You can provide your model, either by KinectFusion to construct one or download from web.

###Silhouettes generation Once you have the model, the training algorithm will turn the 3D model in different viewpoints, and store the silhouette of each viewpoint in database.(The silhouettes are different, since they are in different viewpoints) This is because in testing stage, the test silhouette (the silhouette in the scene) can be matched to the silhouettes in database(training silhouettes).

The best match provide hint about the pose of test silhouette. You can imagine that you don't know the real pose of test silhouette, so you then try to turn the 3D model around and see what's the pose that produce most alike silhouette.

##Testing stage

Test silhouette detection

In testing stage, the depth map from Kinect is used to search the candidate region of transparency. Because transparent object produce NaN in depth map(black region in depth map), so the NaN region in depth map can be candidate of transparency.

However, due to Kinect's characteristic, there are many small NaN region in depth map. So some morphological operations are used to rule out these regions. (Like a process of denoising)

Once the candidate region is fetched, this can be the foreground guess which can be fed to GrabCut. Grabcut then crop the test silhouette.

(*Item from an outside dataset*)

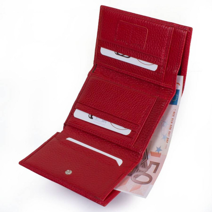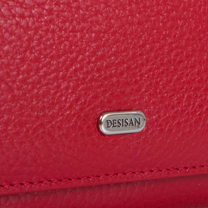 Количество основных отделений (для купюр): 2. Отделения для визиток, банковских и дисконтных карт: 8. Отделения для SIM-карт: 2. Дополнительные отделения: 5. Отделения для мелочи: 1. Карман-монетница закрывается при помощи клапана и механической кнопки. Материал изделия: кожа. Цвет: красный. Цвет фурнитуры: серебро. Размеры (X*Y*Z): 12,6*9*2,5 см. Аксессуар закрывается при помощи механической кнопки. Изделие упаковано в фирменную картонную коробку. Страна происхождения ТМ Desisan - Турция. Гарантия: 1 месяц.
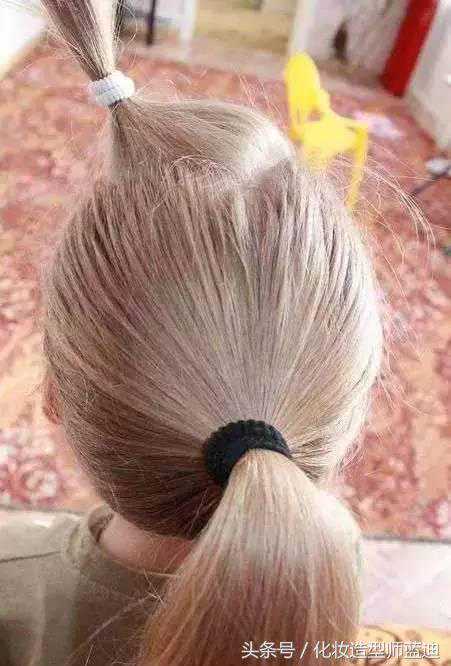 扎好的小辫子,调整之后,发尾继续绷上一个小皮筋,从扎发的中间分开。

Pose estimation(Estimate Rx, Ry, Rz and T)

The test silhouette is now acquired, it can be matched with training silhouettes in the database by applying Proscrutes Analysis. Similarity transforms of each training silhouette to test silhouette can be computed. (In this step, Rx&Ry are computed)

Next step is to find Rz and T by applying weak projection model. After this step, Rx, Ry, Rz and T of each training silhouette are all computed.

Finally, Chamfer matching is used to score each training silhouette. And a rough pose estimation can thus be computed.

The main idea is written, and details are neglected for the ease of understanding.